Online training of Gensim's Doc2vec

Nandan Thakur

unread,

Apr 24, 2019, 2:48:22 PM4/24/19

to Gensim

Hello to whomsoever it may concern,

So, I recently trained a gensim doc2vec model using approximately 7k documents with text. and mainly I am using this to find similar documents in my corpus and flagging them. Doc2vec works perfectly fine with this and all the results come out good.

Now, In my project, anyone can upload a new document, hence which means I have a new document now to index to my model, so that means my count should get increased to 7,001 documents. because in the future, I might be getting more and more documents and the doc2vec algorithm should check the similarity with these new docs as well.

So, I wanted to figure if there is a way to retrain the model, by not actually retraining the whole of 7,001 documents, but rather reuse the 7k doc2vec model and train with the only the new document. If such a solution is possible?

If not, could you suggest me some alternative approach which I could take?

I have already tried using build_vocab(update= True) and other solutions and also searched a lot, but nowhere it mentions as a solution. Can it be done?

Cheers,
Nandan

Gordon Mohr

unread,

Apr 24, 2019, 3:28:32 PM4/24/19

to Gensim

That's a very small corpus for a `Doc2Vec` model.

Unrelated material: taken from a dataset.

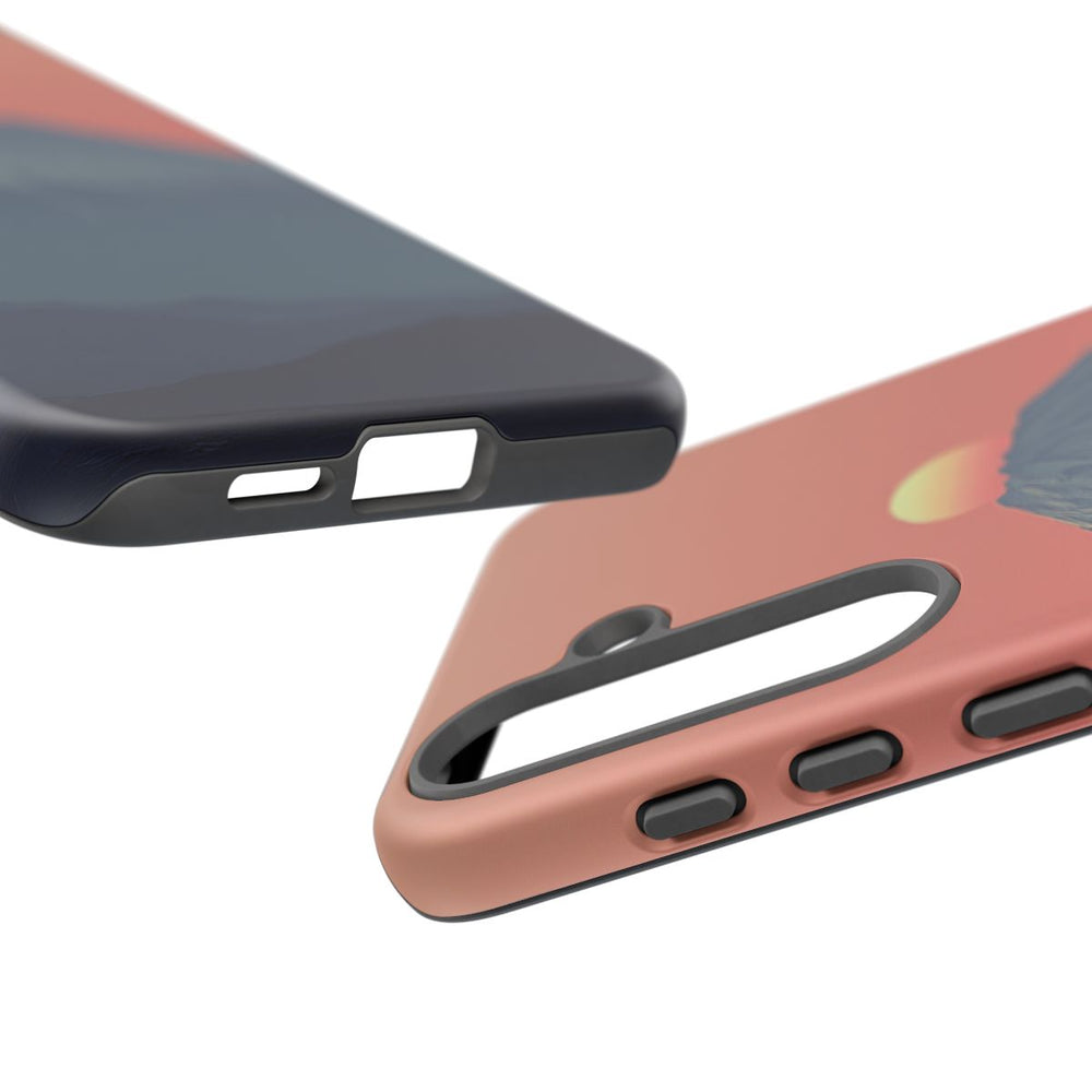 Dit ontwerp toont een gestileerde weergave van de berg Fuji, waarbij de kenmerkende vorm afsteekt tegen een levendige zonsondergang. De ondergaande zon achter de berg kleurt de horizon in warme tinten oranje en roze. Op de voorgrond zijn subtiele silhouetten van verre heuvels te zien, wat het rustige landschap versterkt. Dit telefoonhoesje heeft een dubbele laag voor extra stevigheid en bescherming, en ondersteunt draadloos opladen.

But, once you have a trained model, you can infer-vectors for new documents using the `infer_vector()` method, passing it a version of the document tokenized the same as the training data:

https://radimrehurek.com/gensim/models/doc2vec.html#gensim.models.doc2vec.Doc2Vec.infer_vector

If the new doc has new vocabulary words not already known by the model, they are ignored.

The inferred vector returned is *not* added to the model's bulk-learned vectors (against which `most_similar()` operations collect their results) – if you want to save it aside, and compare to other future documents, you'll have to do that in your own code.

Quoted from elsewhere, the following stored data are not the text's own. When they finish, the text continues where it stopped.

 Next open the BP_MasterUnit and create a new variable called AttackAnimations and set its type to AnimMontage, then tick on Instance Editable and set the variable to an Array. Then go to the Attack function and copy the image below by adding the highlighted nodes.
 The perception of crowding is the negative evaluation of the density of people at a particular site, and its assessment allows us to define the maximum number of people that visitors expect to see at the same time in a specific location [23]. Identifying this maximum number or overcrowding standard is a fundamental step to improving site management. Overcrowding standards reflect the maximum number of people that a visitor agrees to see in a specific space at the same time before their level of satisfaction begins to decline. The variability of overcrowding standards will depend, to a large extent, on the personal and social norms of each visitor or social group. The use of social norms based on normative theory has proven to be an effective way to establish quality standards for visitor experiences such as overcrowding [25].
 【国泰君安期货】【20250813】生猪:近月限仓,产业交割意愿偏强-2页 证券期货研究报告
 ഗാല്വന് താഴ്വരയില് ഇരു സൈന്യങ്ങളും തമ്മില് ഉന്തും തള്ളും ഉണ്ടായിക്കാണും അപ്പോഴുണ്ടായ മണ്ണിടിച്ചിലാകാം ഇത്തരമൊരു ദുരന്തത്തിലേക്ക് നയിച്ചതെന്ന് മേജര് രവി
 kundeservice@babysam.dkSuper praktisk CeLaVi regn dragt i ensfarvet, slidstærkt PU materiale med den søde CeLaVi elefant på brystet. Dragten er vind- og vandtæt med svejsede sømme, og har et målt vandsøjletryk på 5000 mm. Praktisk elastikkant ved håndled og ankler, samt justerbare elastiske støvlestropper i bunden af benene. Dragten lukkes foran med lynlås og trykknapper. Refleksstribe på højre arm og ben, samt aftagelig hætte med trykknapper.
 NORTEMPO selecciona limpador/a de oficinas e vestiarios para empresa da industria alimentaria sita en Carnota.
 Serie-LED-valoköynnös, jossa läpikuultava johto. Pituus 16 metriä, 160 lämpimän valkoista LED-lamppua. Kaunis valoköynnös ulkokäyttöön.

If the new docs all generally "fit within" the vocabulary/variety of the original training docs, you could do this indefinitely... but if the new docs actually introduce useful new vocabulary/variety, then you'd likely eventually want to re-train a fresh model, from scratch, with as many relevant corpus documents as can be included.

- Gordon

Nandan Thakur

unread,

Apr 26, 2019, 6:35:53 AM4/26/19

to Gensim

Hi Gordon, Thanks for the reply.

What if the new docs actually introduce new vocabulary/variety and I want to do incremental learning (Since retraining from scratch is a time-consuming and costly process), is this feature possible with doc2vec? If not should I change over to word2vec as it supports incremental learning?

Cheers,

Nandan

Gordon Mohr

unread,

Apr 26, 2019, 5:09:44 PM4/26/19

to Gensim

The only supported answer is occasionally retraining with the full document set to understand the new vocabulary.

The `build_vocab(..., update=True)` option, which was added to `Word2Vec` (with a lot of caveats), has always had a crashing bug if attempted with Doc2Vec. (Issue <https://github.com/RaRe-Technologies/gensim/issues/1019>.) But note that even in `Word2Vec` where vocabulary-expansion is possible, it's easy to do wrong: repeated training with small updates, not representative of the full domain, can worsen a model. I don't know of any straightforward guides to good choices in incremental-corpus construction & parameter choices to ensure it's helping, leaving it up to each user to develop their own project-specific practices.

- Gordon

Ilker

unread,

May 27, 2019, 7:33:08 AM5/27/19

to Gensim

Hi Nandan and Gordon,

I am in need similar solution and my understanding best option from among all is that using Similarity class (https://radimrehurek.com/gensim/similarities/docsim.html) I guess.

Especially where we need compare small (~1000) & continuously updated document (paragraphs) list.

In Similarity Class, with corpus parameter we can pass fasttext or word2vec model (previously prepared like google news etc..) to allow semantic similarity comparison between documents and iwth "add_documents" method we can add new document to be able to compare with previously added documents for next query.